## Task goal:
I would like the lines below, from the one with "Made with a" through the one with "Доцент кафедри соціології", copied exactly and without any pictures.

*** Material supplied ***

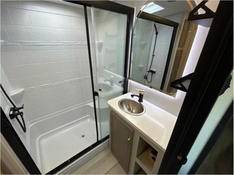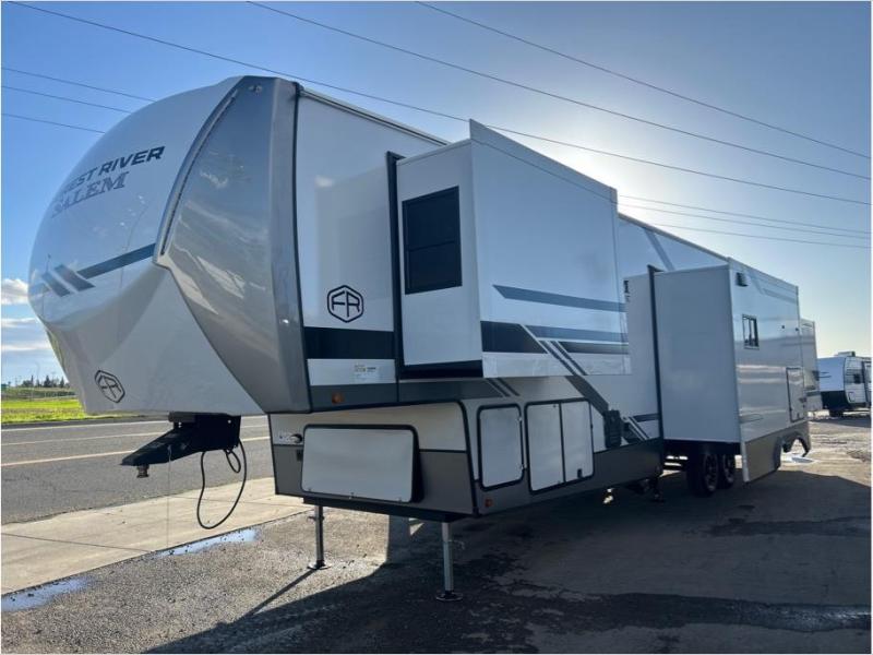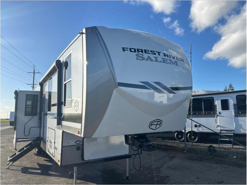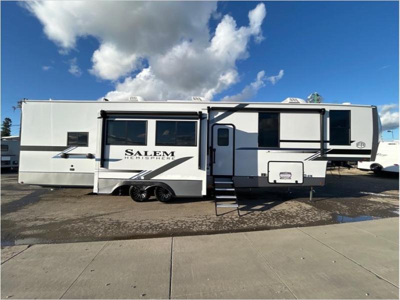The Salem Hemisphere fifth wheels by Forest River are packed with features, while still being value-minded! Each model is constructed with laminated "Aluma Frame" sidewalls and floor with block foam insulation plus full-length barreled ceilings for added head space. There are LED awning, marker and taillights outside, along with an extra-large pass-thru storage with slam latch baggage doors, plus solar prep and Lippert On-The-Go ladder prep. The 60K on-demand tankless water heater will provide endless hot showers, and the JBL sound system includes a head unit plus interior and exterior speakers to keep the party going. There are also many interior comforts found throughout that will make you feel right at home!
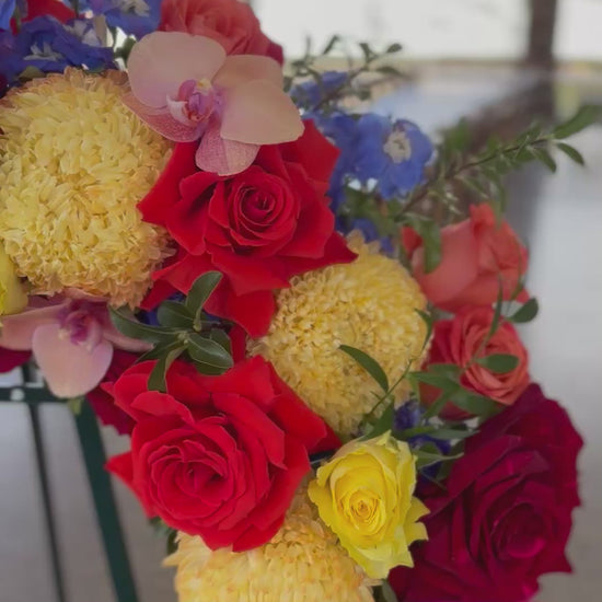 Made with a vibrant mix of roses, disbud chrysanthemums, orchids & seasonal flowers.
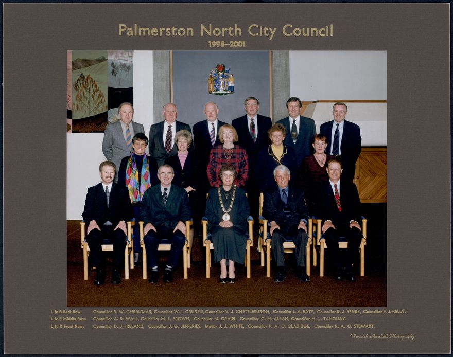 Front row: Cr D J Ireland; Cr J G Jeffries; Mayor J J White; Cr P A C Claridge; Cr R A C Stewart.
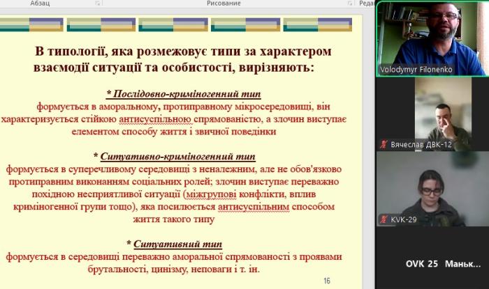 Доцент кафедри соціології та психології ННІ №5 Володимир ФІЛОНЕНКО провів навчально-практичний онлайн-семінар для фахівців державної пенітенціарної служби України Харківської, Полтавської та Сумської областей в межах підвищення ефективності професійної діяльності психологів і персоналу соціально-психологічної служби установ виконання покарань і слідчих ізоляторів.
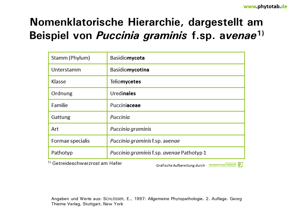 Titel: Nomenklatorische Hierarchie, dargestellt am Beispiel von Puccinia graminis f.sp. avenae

***
*** Material supplied ***

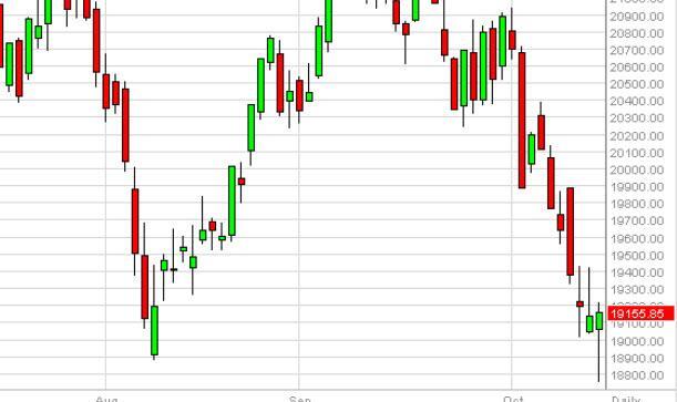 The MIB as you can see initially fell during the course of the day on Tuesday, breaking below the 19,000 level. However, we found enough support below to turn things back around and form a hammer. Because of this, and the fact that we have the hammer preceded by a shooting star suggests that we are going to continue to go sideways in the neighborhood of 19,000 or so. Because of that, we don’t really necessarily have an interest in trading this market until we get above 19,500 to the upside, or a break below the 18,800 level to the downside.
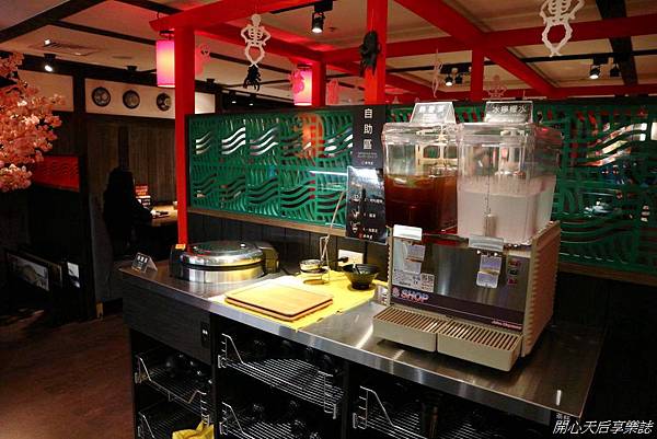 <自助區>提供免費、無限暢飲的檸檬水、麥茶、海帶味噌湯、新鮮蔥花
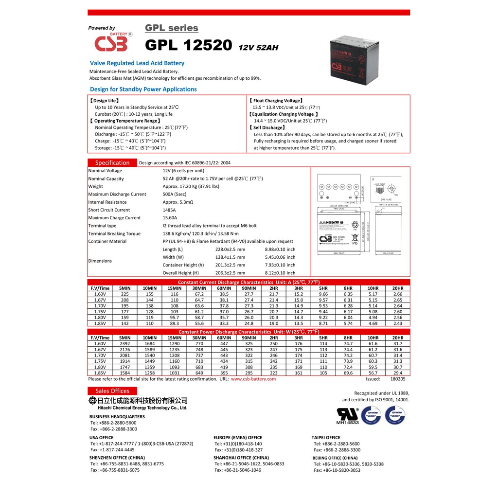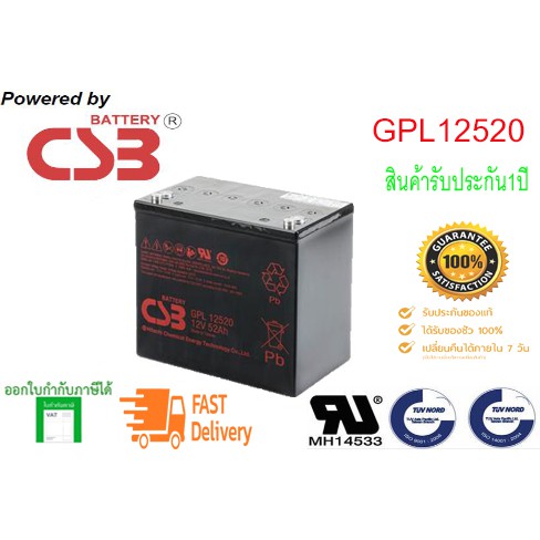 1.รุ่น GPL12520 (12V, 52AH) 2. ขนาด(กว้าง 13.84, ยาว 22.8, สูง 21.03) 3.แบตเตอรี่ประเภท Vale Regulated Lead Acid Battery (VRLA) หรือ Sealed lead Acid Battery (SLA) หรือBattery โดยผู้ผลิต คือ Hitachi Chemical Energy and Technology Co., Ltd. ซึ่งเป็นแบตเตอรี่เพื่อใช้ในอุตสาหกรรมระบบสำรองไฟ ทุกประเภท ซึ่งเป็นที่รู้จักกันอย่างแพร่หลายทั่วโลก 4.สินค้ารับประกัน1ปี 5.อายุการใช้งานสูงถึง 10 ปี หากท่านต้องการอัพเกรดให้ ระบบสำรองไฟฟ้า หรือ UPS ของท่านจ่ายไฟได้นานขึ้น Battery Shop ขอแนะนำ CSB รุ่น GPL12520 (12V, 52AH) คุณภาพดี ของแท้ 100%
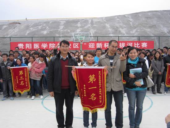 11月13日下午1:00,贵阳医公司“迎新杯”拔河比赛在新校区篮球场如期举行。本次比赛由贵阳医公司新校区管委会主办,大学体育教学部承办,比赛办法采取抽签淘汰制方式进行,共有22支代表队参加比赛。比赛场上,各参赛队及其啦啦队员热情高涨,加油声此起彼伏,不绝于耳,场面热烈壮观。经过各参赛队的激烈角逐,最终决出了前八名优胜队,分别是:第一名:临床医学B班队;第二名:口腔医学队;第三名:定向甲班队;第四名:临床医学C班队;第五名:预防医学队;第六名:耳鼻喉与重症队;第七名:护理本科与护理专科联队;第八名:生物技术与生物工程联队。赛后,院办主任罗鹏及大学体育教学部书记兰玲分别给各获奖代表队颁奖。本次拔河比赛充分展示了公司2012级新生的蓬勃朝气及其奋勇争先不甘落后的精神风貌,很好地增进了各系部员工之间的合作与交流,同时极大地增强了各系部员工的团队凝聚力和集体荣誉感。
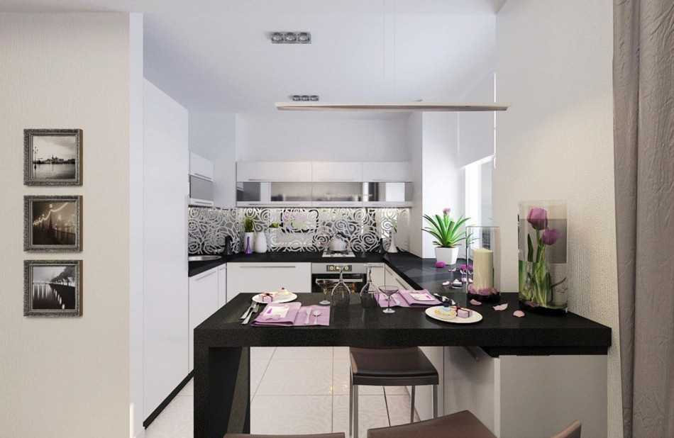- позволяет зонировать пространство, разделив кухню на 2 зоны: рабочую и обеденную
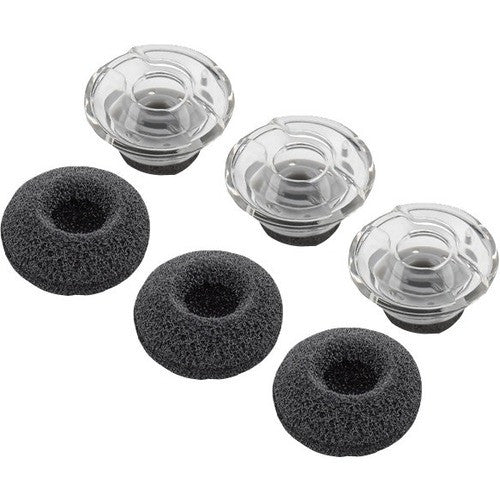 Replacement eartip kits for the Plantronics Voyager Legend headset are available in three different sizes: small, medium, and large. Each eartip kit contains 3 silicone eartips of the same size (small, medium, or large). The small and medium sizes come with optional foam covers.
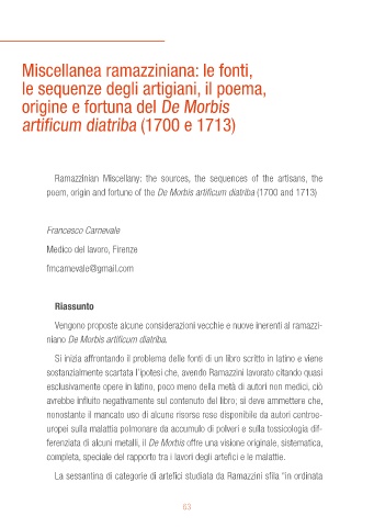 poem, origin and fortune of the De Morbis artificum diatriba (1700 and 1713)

***
*** Material supplied ***

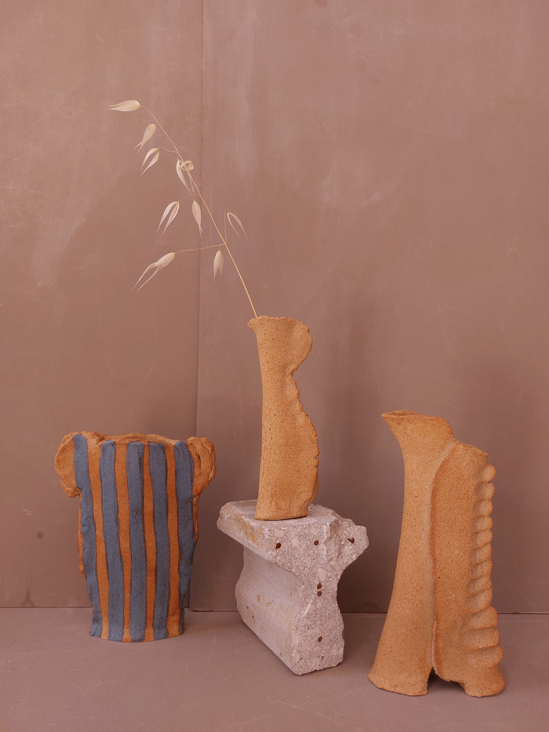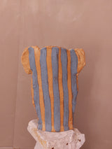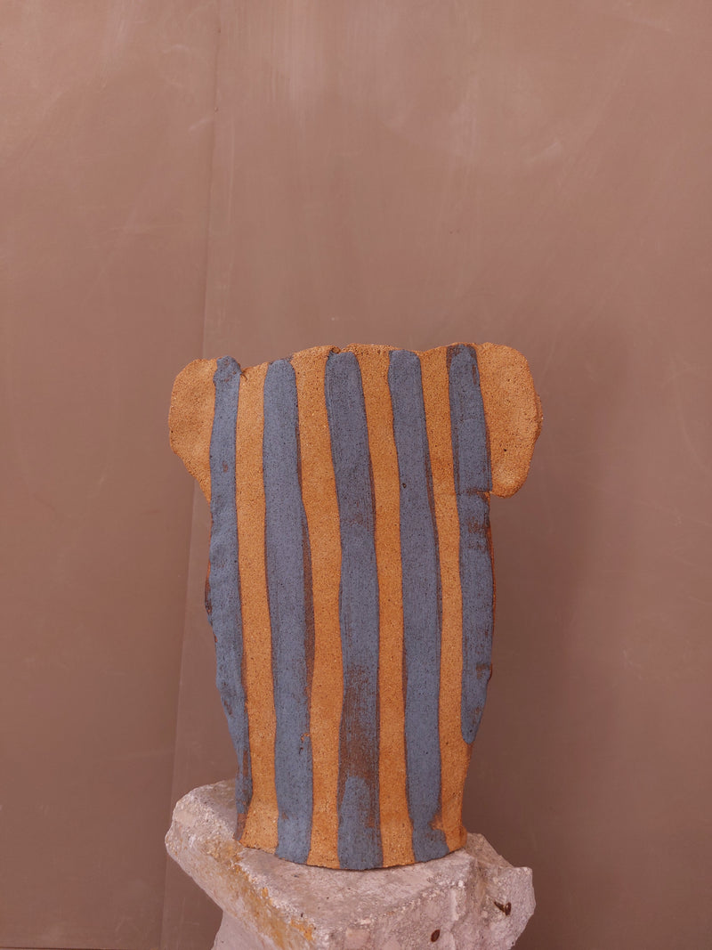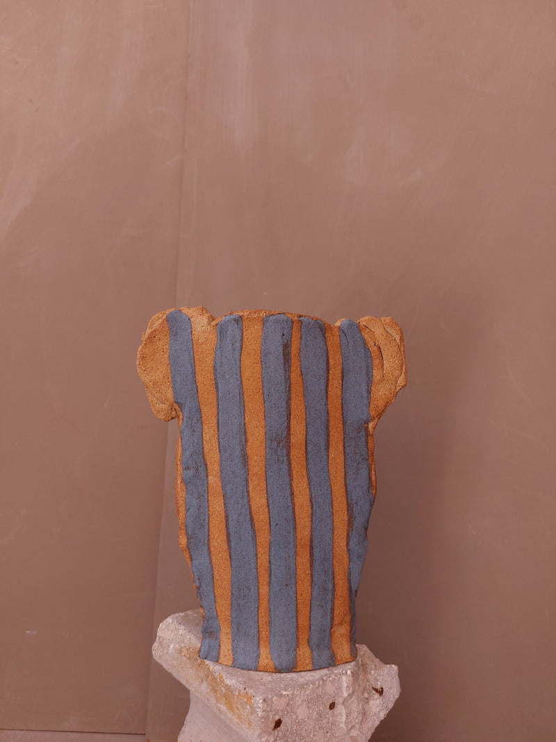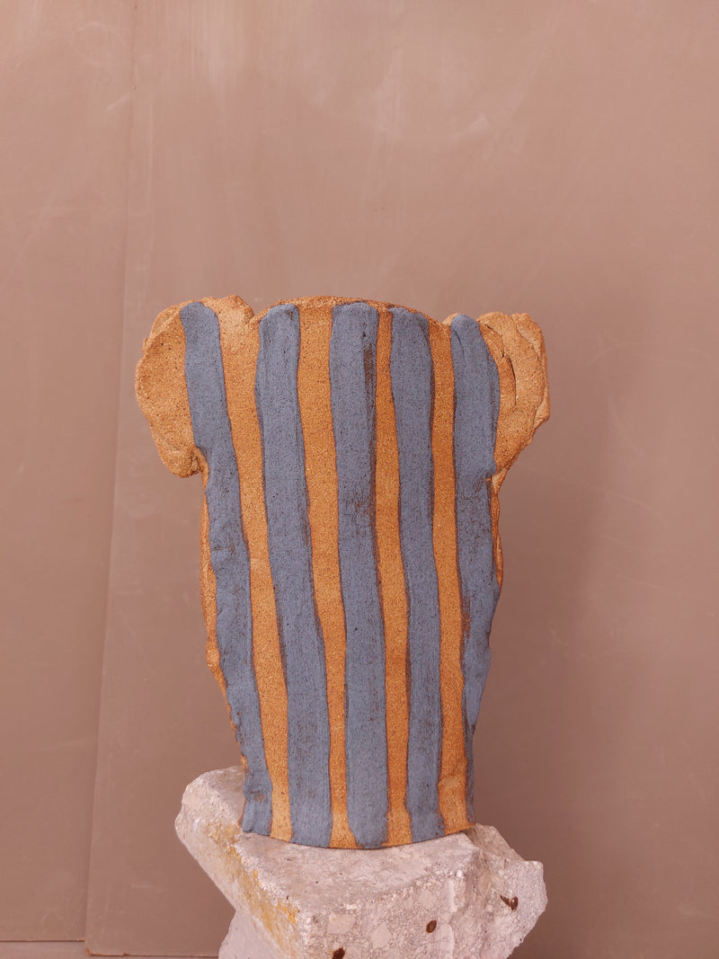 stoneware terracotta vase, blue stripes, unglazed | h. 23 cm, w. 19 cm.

***

## Result:
 Made with a vibrant mix of roses, disbud chrysanthemums, orchids & seasonal flowers.
 Front row: Cr D J Ireland; Cr J G Jeffries; Mayor J J White; Cr P A C Claridge; Cr R A C Stewart.
 Доцент кафедри соціології та психології ННІ №5 Володимир ФІЛОНЕНКО провів навчально-практичний онлайн-семінар для фахівців державної пенітенціарної служби України Харківської, Полтавської та Сумської областей в межах підвищення ефективності професійної діяльності психологів і персоналу соціально-психологічної служби установ виконання покарань і слідчих ізоляторів.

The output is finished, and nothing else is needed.